La carta de Santiago explica lo que son obras mediante un simple ejemplo, como ayudar a un hermano necesitado que carece de ropa o comida. Explica, que si solamente le dices "Dios te bendiga" y no le das la ropa y comida que necesita, tu fe es inútil. No se refiere a obras como apoyar a los grupos de caridad local o enviar dinero para alimentar a los hambrientos en África, sino a la manera en que vivimos nuestra vida cotidiana, con los más cercanos.

Aunque el líder de la Reforma tuvo esta actitud, los cristianos protestantes de hoy no dicen que rechazan la carta de Santiago. ¿Cómo pueden entonces decir que siguen las doctrinas de Martin Lutero? Entender su razonamiento te dará una clave para entender lo que está pasando en gran parte de la religión. A los creyentes les ha sido presentado un "evangelio" que enseña la forma de leer la carta de Santiago u otras verdades escritas y al mismo tiempo desconectar mentalmente para no llegar a las conclusiones coherentes. Esto es lo que Santiago llama "engañar a su propio corazón."

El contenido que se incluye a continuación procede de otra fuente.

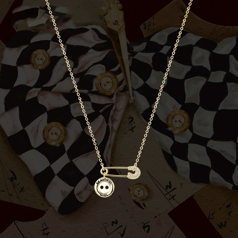 Name: Pin Button NecklaceMaterial: S925 silverSize: total chain length about 44.cm (including extension chain 5cm)
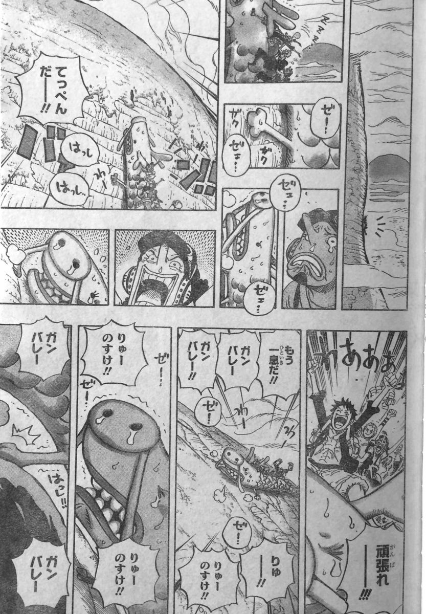 竜のりゅーのすけの頑張りで、ついにてっぺんに到着!役目を終えたりゅーのすけは絵に戻り、涙するフランキー達!淡白なローとゾロ!カン十郎のカキカキの実?フデフデの実?の悪魔の実の能力らしきもので描かれ実体化したものは、役目を終えたら絵に戻る仕組みなのでしょうか。
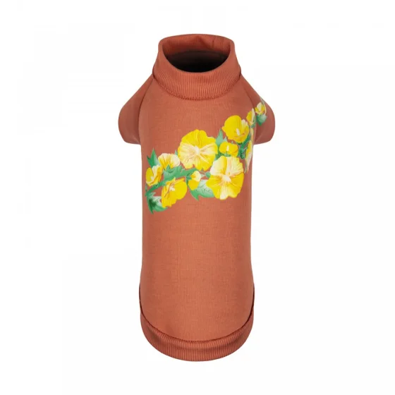 Глубокий и насыщенный цвет ткани как бы дарит ощущение тепла, а украшающие модель мальвы согреют душу и будут оберегом для вашего любимца. Ведь издавна мальвы были символом верности традициям предков и оберегали от беды посадивших их людей. Сочетание самых актуальных цветов сезона делает свитшот стильным нарядом для четырехлапых модниц.
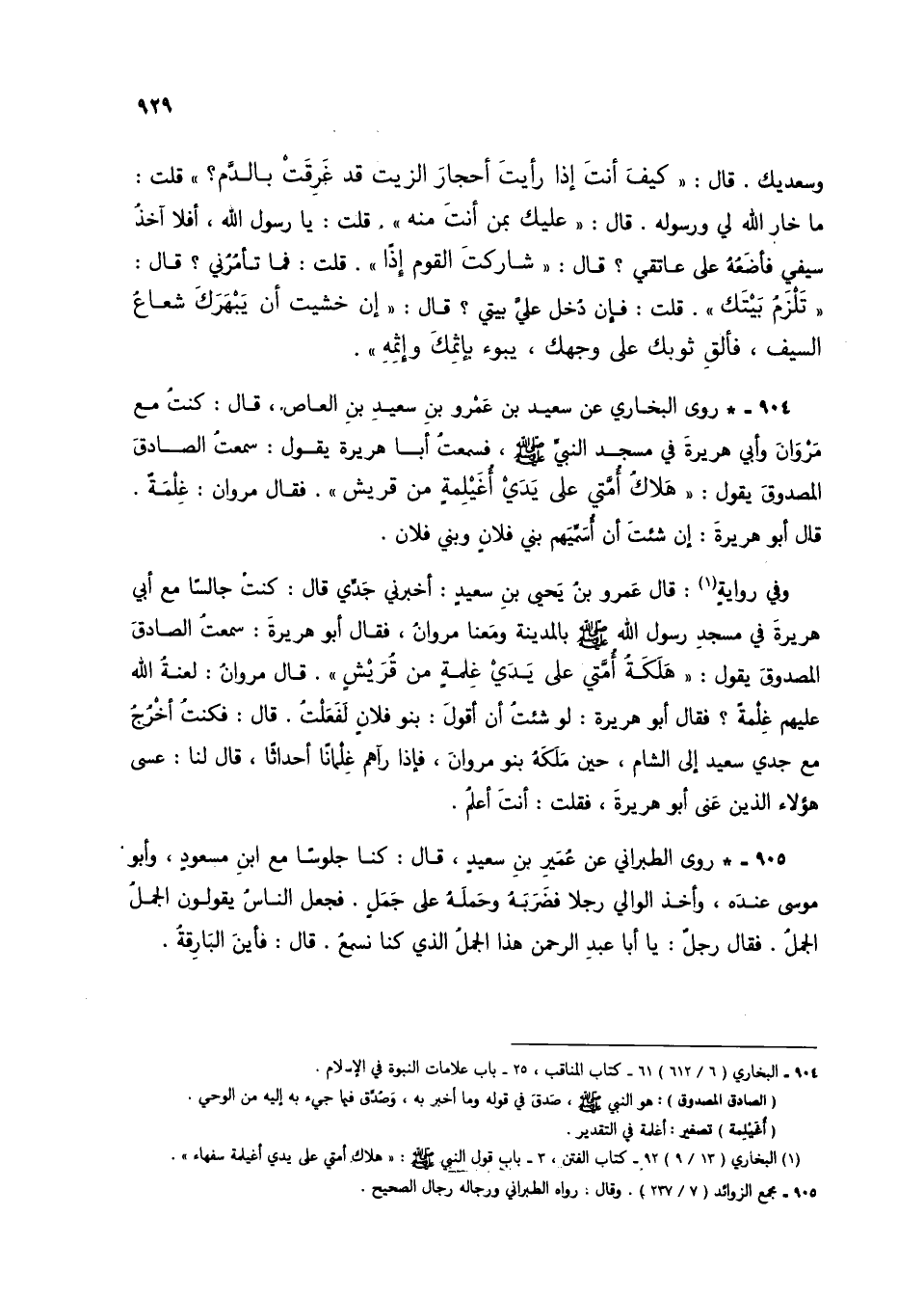 904 - * روى البخاري عن سعيد بن عَمْرو بن سعيد ين العاص، قال: كنتُ مع مَرْوَانَ وأبي هُريرة في مسجد النبي صلى الله عليه وسلَّم، فسمعتُ أبا هُريرة يقول: سمعتُ الصادقَ الصدوقَ يقول: "هَلاكُ أُمَّتي على يَدَي أُغَلْلِمةٍ من قريش". فقال مروان: غِلْمَةٌ. قال أبو هريرة: إن شئت أن أُسَمِّهم بني فلانٍ وبني فلان.

Es como decir, "dos más dos son cinco", cuando sabes perfectamente que son cuatro. Puedes afirmar que la fe sin obras está muerta, y al mismo tiempo decir que no hace falta hacer buenas obras. Puedes razonar todos los mandamientos de las escrituras para desobedecerlos y juzgar a los que quieren obedecer diciendo: “eso es legalismo, la salvación es un don gratuito”

Religión inútil

Así, vemos una religión llena de glotonería, borracheras e incluso asesinato en el nombre de Dios, por gente (incluido Martin Lutero mismo) que justifican sus obras con el pensamiento que la salvación es solo mediante la fe sin importar las obras. Pero Santiago pregunta: ¿Puede su fe salvarles?

Santiago continua marcando su pauta más rigurosamente al escribir a los creyentes, “Si alguno se cree religioso, pero no refrena su lengua, sino que engaña a su propio corazón, la religión del tal es vana”.

¿Qué es la religión vana de la que habla Santiago? Está dirigiéndose a creyentes ¿No es así? Creen que tienen fe para ser salvos y piensan que son religiosos pero él no refrenar su lengua hace su religión inútil.

Por lo tanto lo que haces importa…si tienes la fe que obra.

“El que dice: Yo he llegado a conocerle, y no guarda sus mandamientos es un mentiroso y la verdad no está en él”[1]

¿Son “obras” el obedecer sus mandamientos? ¿Es guardar los mandamientos “obras inútiles” que no tienen nada que ver con ser salvos por fe? Entonces ¿Para qué hemos sido salvos? sino para hacer buenas obras, las cuales Dios preparó de antemano para que anduviéramos en ellas.

Si eres semilla de Abraham harás las obras que él hizo, como dijo el Hijo de Dios en Juan 8:39. Santiago que entendía la necesidad de las obras, estaba escribiendo a un elemento que se estaba introduciendo en la iglesia primitiva que negaba la necesidad de hacer obras, convirtiendo a la iglesia en una religión inútil, sin obras que demostraran su fe.

La iglesia ha de ser construida sobre el fundamento de escuchar al Espíritu. Esto es lo que significa tener revelación, como el Maestro dijo a Pedro: “Bienaventurado eres, Simón, hijo de Jonás, porque esto no te lo reveló carne ni sangre, sino mi Padre que está en los cielos”. Sobre esta profunda comunicación al corazón del hombre está basada la promesa a la iglesia de poseer las llaves del Reino y que las puertas del Hades no prevalecerían contra ella.

Obviamente, en el tiempo de la carta de Santiago, la iglesia estaba siendo engañada al escuchar a “carne y sangre. Santiago trató de mostrarles que la fe que estos hombres predicaban era vana, porque no les llevaba a hacer buenas obras. No eran salvos mediante esa “fe”. Está fe no salva.